Stored records:
******

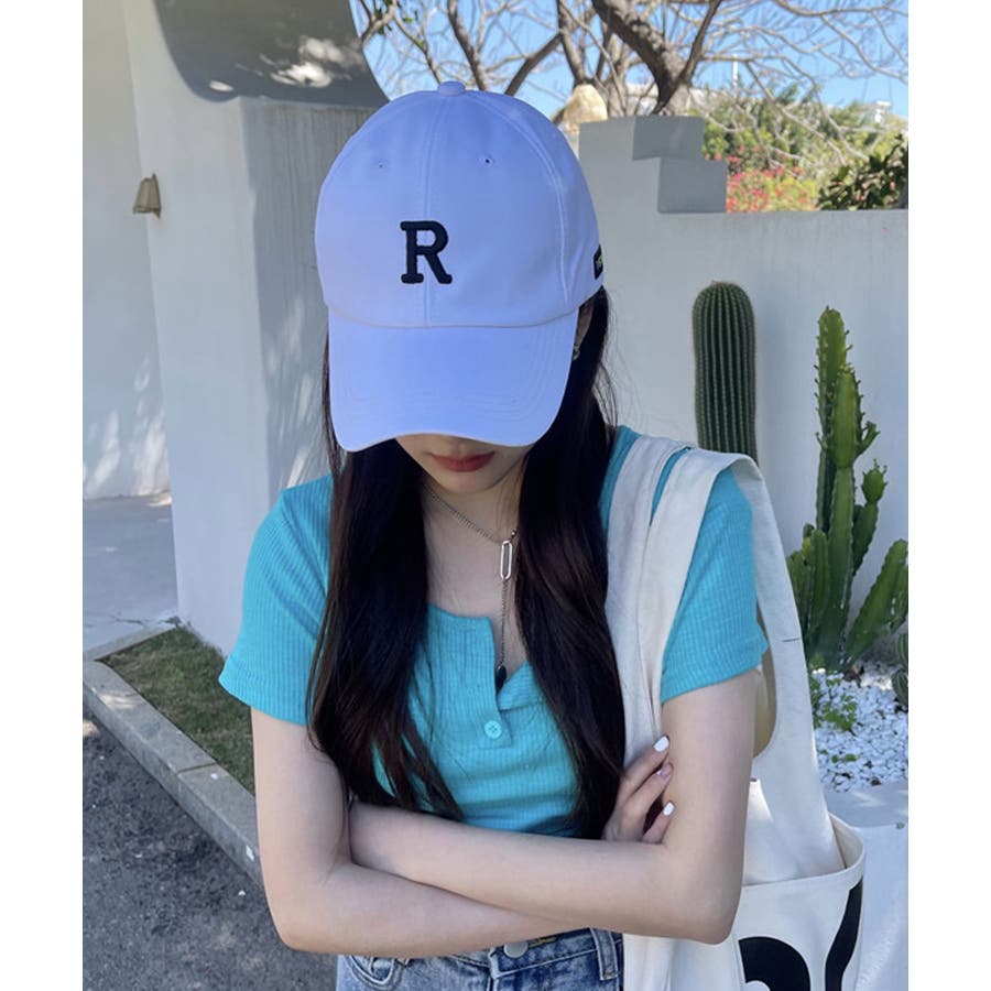 Rロゴ刺繍がポイントになった韓国っぽベーシックキャップ。
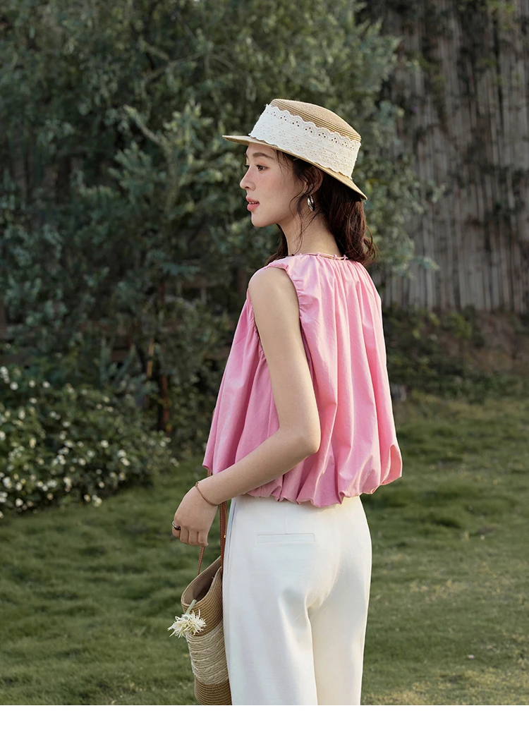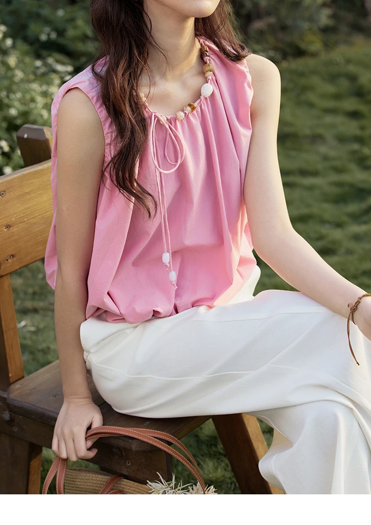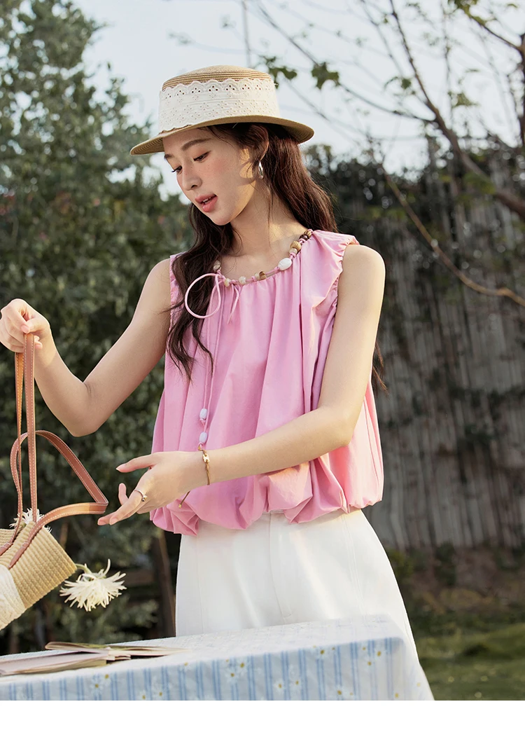 MISHOW French Rose Red Blouses Women Summer 2025 Sleeveless Round Neck Beaded Strap Design Short Tops Lady New Thin MXE32X1773
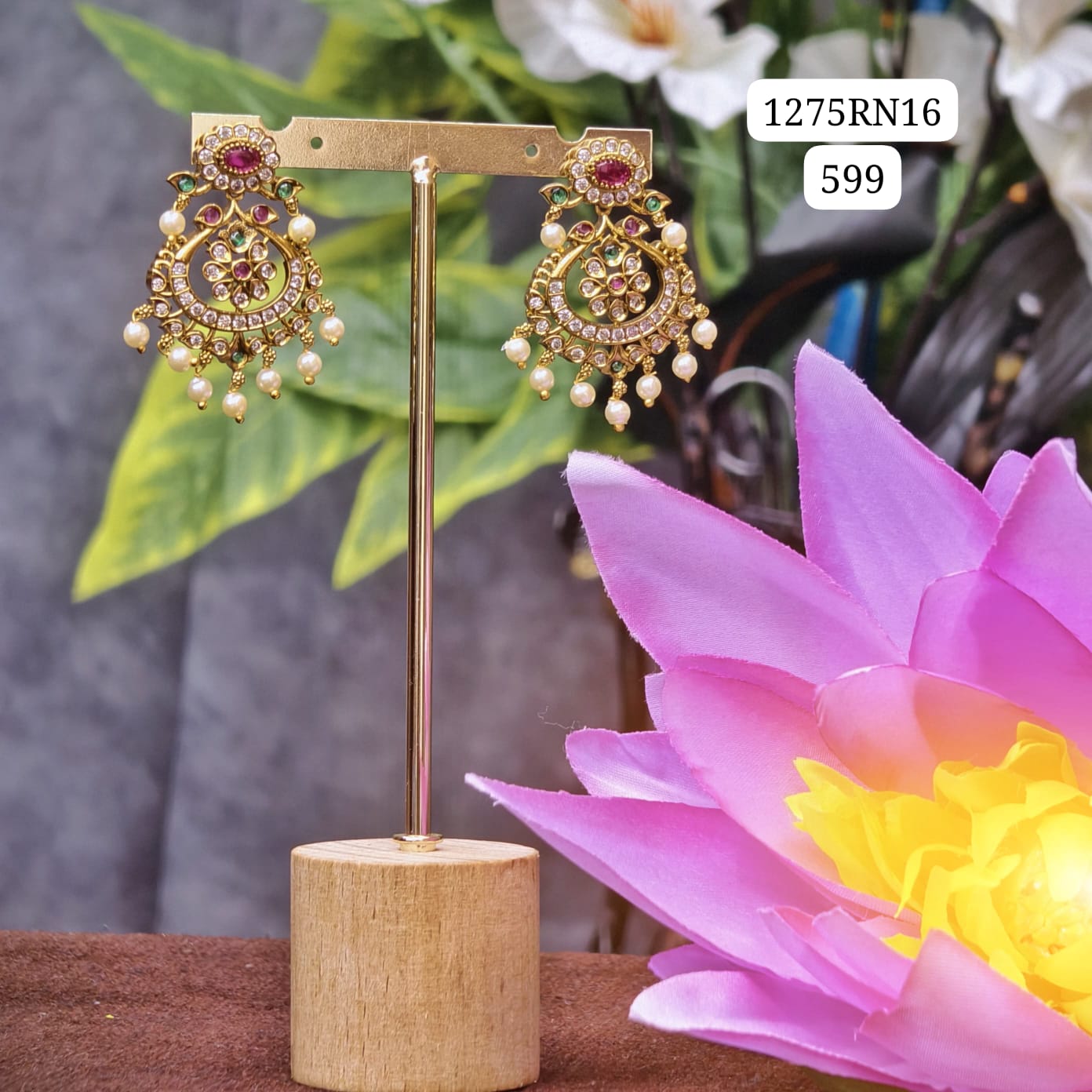 Flower pattern chandbali Earrings white,green and pink stone combination with pearl hangings.for functions
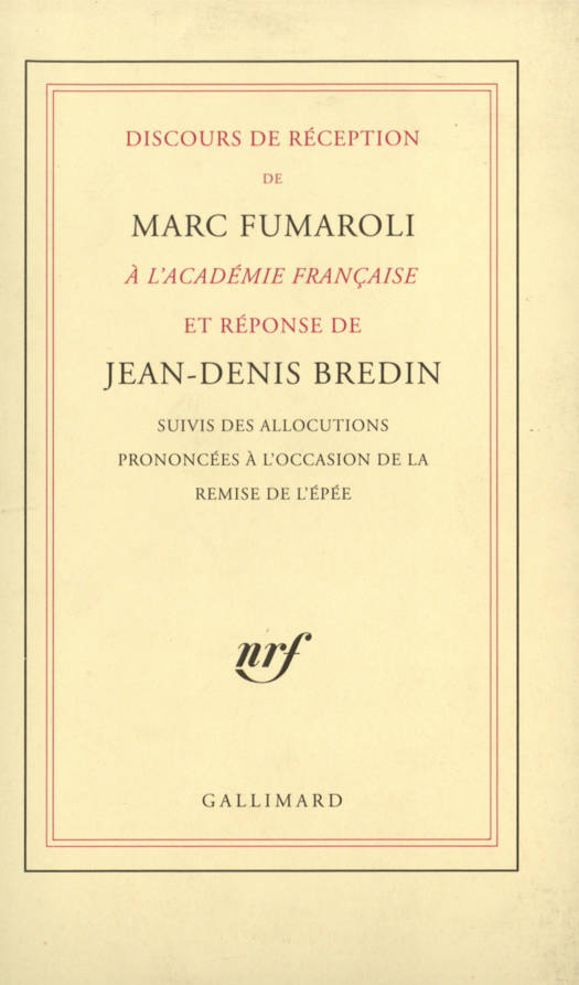 M. Marc Fumaroli a été élu à l'Académie française à la place laissée vacante par la mort de M. Eugène Ionesco. Ce discours a été prononcé à l'occasion de sa prise de séance le jeudi 25 janvier 1996. Après la réponse de Jean-Denis Bredin, les allocutions prononcées à l'occasion de la remise de l'épée l'ont été par Jean d'Ormesson, Roland Mortier, René Pomeau et, in fine, Marc Fumaroli.
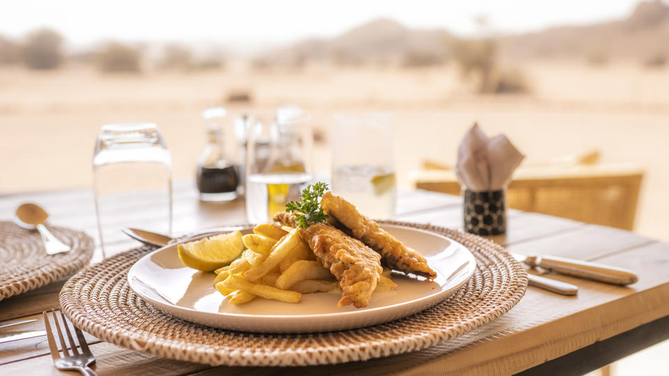 Bei einem Aufenthalt von drei Nächten oder mehr ist eine Tour zur Skeleton Coast inbegriffen, dazu gehört in der Regel eine Fahrt an die Küste und ein Flug zurück zum Camp, um dieses vielfältige Gebiet sowohl vom Boden als auch von der Luft zu sehen.

******

Problem description:
Look above for the line containing "MISHOW French Rose", then write out every line from there down to the line containing "Flower pattern chandbali", that line included, with no pictures.

Answer to this task:
 MISHOW French Rose Red Blouses Women Summer 2025 Sleeveless Round Neck Beaded Strap Design Short Tops Lady New Thin MXE32X1773
 Flower pattern chandbali Earrings white,green and pink stone combination with pearl hangings.for functions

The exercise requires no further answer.